Hey @SuFong_Chien,

Good questions!

How do you judge the cutoff =4 is good enough? It is refer to number of phtons in the fock stage right? If I am not mistaken the function fitting example set to 10.

Yes, the cutoff refers to the number of photons that are kept track of in each mode (strictly, a cutoff of 4 means that we track the 0, 1, 2, 3 photon states). Ideally, the higher the cutoff the better, allowing us to have greater levels of squeezing or displacement that will push up the average number of photons. Unfortunately this comes with a big trade-off in simulation speed - the overhead is (cutoff) ^ (modes), so increasing the number of modes is exponentially hard. We can get away with a cutoff of 10 because we have few modes, but going up to 5 modes we may need to compromise. One way to check is to calculate the trace of the output state, if it is significantly below 1 then we know the cutoff is perhaps too low.

What is the purpose of ‘1’ in [4,5,3,2,1]? In this case we need 5 wires to construct the network right?

Ah, the one was just to bring us down to a single mode and have a 1D output for the sake of this prototype, similar to having e.g. a final neuron in a neural network as a binary classifier. The code above should allow you to be free in your choice of `widths`

.

I am sorry I am a bit lost now. If I want to train this QNN, I must pass train data as input (making loops for shuffling data and etc). After that I use the weight for prediction, am I right? I suppose there is a *.predict() function available in PennyLane, isn’t it?

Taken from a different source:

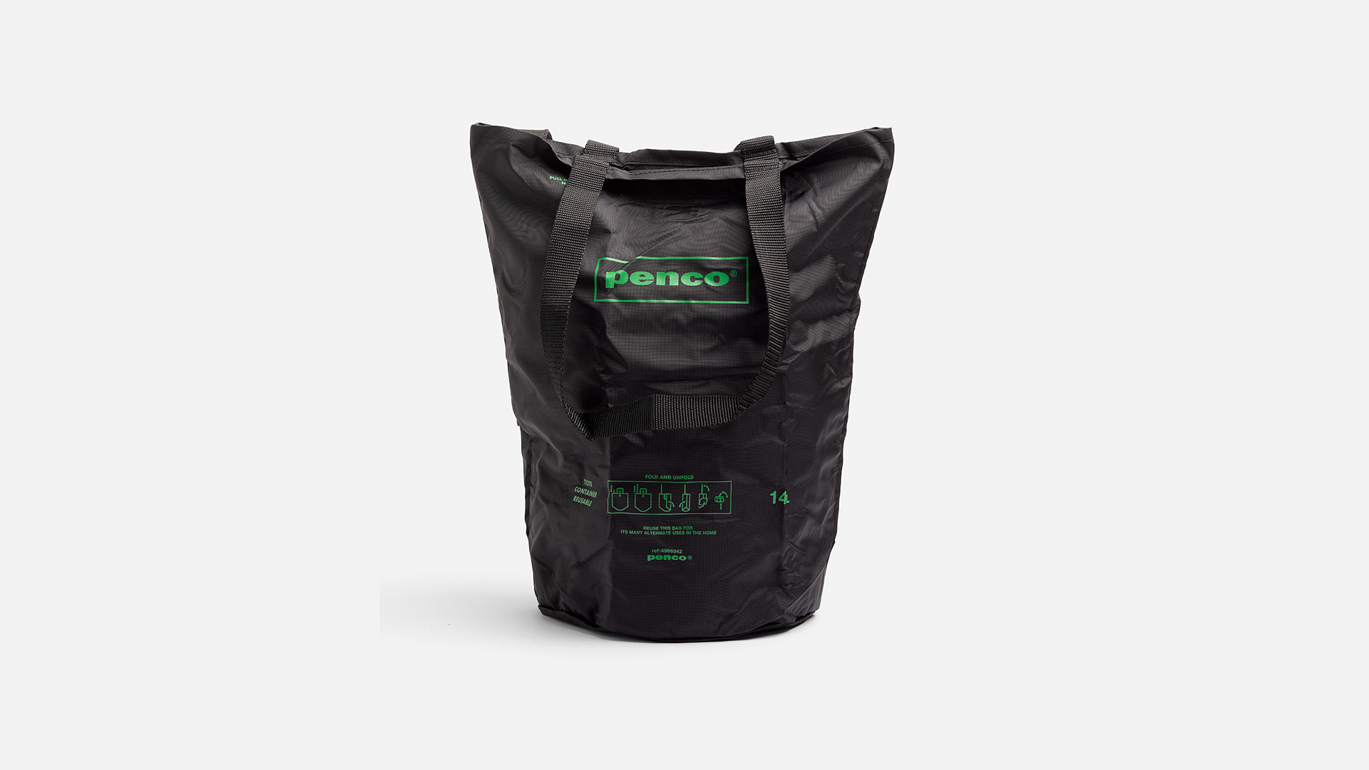 The Penco Bucket Tote Bag is a modern reinterpretation of the classic bucket bag, inspired by mid-20th century Japanese industrial aesthetics. Made from durable medium-thickness nylon, it is lightweight yet can easily carry heavy items, making it ideal for everyday use. Its tall shape with a round bottom provides ample space and keeps long or bulky items stable, while the top opening features a Velcro closure to protect the contents. A convenient internal pen holder keeps a pen always within reach. Dimensions: open 22x44x20 cm, folded 14x8x8 cm. Handle height: 25cm. Nylon. Comfortable and practical, perfect to carry everywhere, also as a useful secondary bag. 14 cm x 8 cm x 8 cm
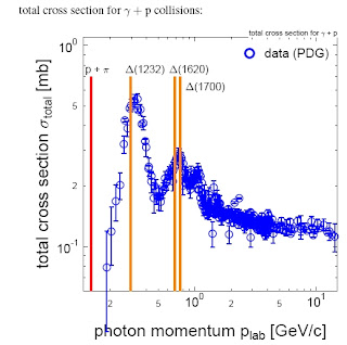 The figure to the left (credits go to Stefan) shows the cross-section for photon-proton scattering in the laboratory (proton in rest), the blue dots are data from the particle data booklet. The red line indicates the initial threshold for the process to take place, the orange lines are the delta resonances where the cross-section has peaks.

Training the QNN would look something like:

```
import pennylane as qml
from pennylane import numpy as np
widths = [4, 5, 3, 2]
wires = max(widths)
cutoff = 4
seed = 1967
dev = qml.device("strawberryfields.fock", wires=wires, cutoff_dim=cutoff)
@qml.qnode(dev)
def qnn(inputs, weights):
qml.templates.DisplacementEmbedding(inputs, wires=range(wires))
for weight, width in zip(weights, widths):
qml.templates.CVNeuralNetLayers(*weight, wires=range(width))
return qml.expval(qml.X(0)), qml.expval(qml.X(1))
weights = [qml.init.cvqnn_layers_all(n_layers=1, n_wires=width, seed=seed) for width in widths]
inputs = np.random.random(wires)
outputs = np.random.random(widths[-1])
opt = qml.GradientDescentOptimizer(stepsize=0.4)
def cost(weights):
return np.sum((qnn(inputs, weights) - outputs) ** 2)
print("Example weight before: ", weights[-1][0])
for i in range(2):
weights = opt.step(cost, weights)
print("Example weight after: ", weights[-1][0])
```

Possible to print out the network diagram like what we can do in IBM qiskit?

We have a circuit drawer that can be output using `print(qnn.draw())`

. However, it is a text-based drawer and the circuit in this case might be a little too deep, so that the output doesn’t fit nicely on your screen.

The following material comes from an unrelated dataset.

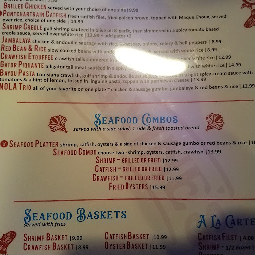 The overall impression of the place is that, as others have indicated, they have some issues they need to addressed but the food overall is ok. First the good parts: The fried shrimp was tasty and not fishy at all. I liked the light breading on the fried shrimp but it did tend to fall apart. The red beans and rice was a bit bland but over all had good flavor. The dirty rice had good flavor but was a bit salty (and I like salt). Therefore, I could not eat very much of it. The side salad was very uninspiring. It came with exactly 3 croutons a few pieces of cucumber and a couple of slices of tomato. Without a lot of effort, the salad could be greatly improved. Now for the issues. They have a major issue with parts of the menu. They list 3 salad dressings: Ranch, Caesar, and Cajun Basil Vinaigrette. When I asked for the Cajun Basil Vinaigrette on the side, we were told it is really Balsamic Vinegar. The section of âSeafood Combosâ is very confusing. So confusing that the server could not explain it and got it wrong when she did. The top heading is called âSeafood Combosâ which has a notation that it comes with a side salad, 1 side and fresh toasted bread. Directly under are several options: Seafood Platter, which includes shrimp, catfish, oysters etc for $16.99. The 2nd option is the Seafood combo- where you get to choose two meats (shrimp, oysters, catfish, or crawfish) for$13.99. Or you can get one of the 4 platters for various prices. When we asked for the Shrimp platter, we were told we HAD to pick two and could not just pick one seafood option if we wanted the side, salad and toast. To make matters worse we did not even get the âfresh toasted breadâ with the Platter. We ordered a side of dirty rice. When the bill came, we were charged $3.50 for the dirty rice side, which does not match what the menu lists of $3.25. Now of course .25 cents is not a big deal. It is more of the principal. When we asked about it, the server shrugged and said well that is what is in the âcomputerâ. Therefore, I guess if you thought you were getting an item for $10.00 and the âcomputerâ charged you $20.00 that is just the way it is! I am only adding this extreme example to prove a point, as there was not that big of a discrepancy between the menu and the âcomputerâ for what we ordered. I can see that this could be an issue with larger parties. You should carefully read your bill and compare it to the prices marked on the menu! They should probably make sure the âcomputerâ matches the prices on the printed menu. I think this restaurant has some issues to iron out but it has potential as long as they fix...

There is the last “out of scope” question for you . Most of the engieering work like to ask about the Big-O for a proposed algorithm.What is the Big-O for XANADU CV quantum neural network? I have studied two other different types of QNNs. For example, paper written by ‘Quantum algorithms for feed forward neural networks’ by J. Allcock et al do describe the Big-O. However, there is no description about Big-O for the paper ‘Training deep quantum neural networks’.

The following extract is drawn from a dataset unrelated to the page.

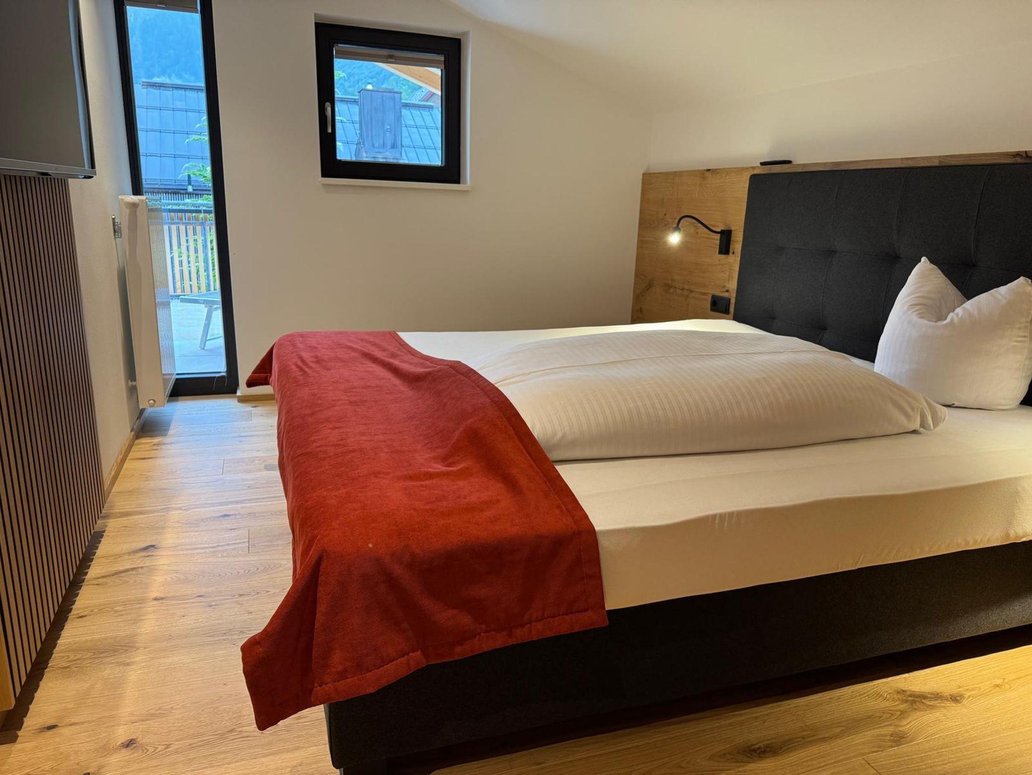 • Ein Schlafzimmer mit komfortablem Doppelbett und eigenem Badezimmer mit Dusche/WC.

This is still a bit of an open research question, especially for near-term algorithms. A lot of algorithms do show speed ups or improved data capacity, but these algorithms tend to require quite deep circuits and error correction. Instead, more “near-term” algorithms focus on the variational approach: having a fixed circuit of limited depth and altering the parameters. In that case the scaling is less clear, but we might be expecting things like an improved quality of training (although, this needs to be formalized).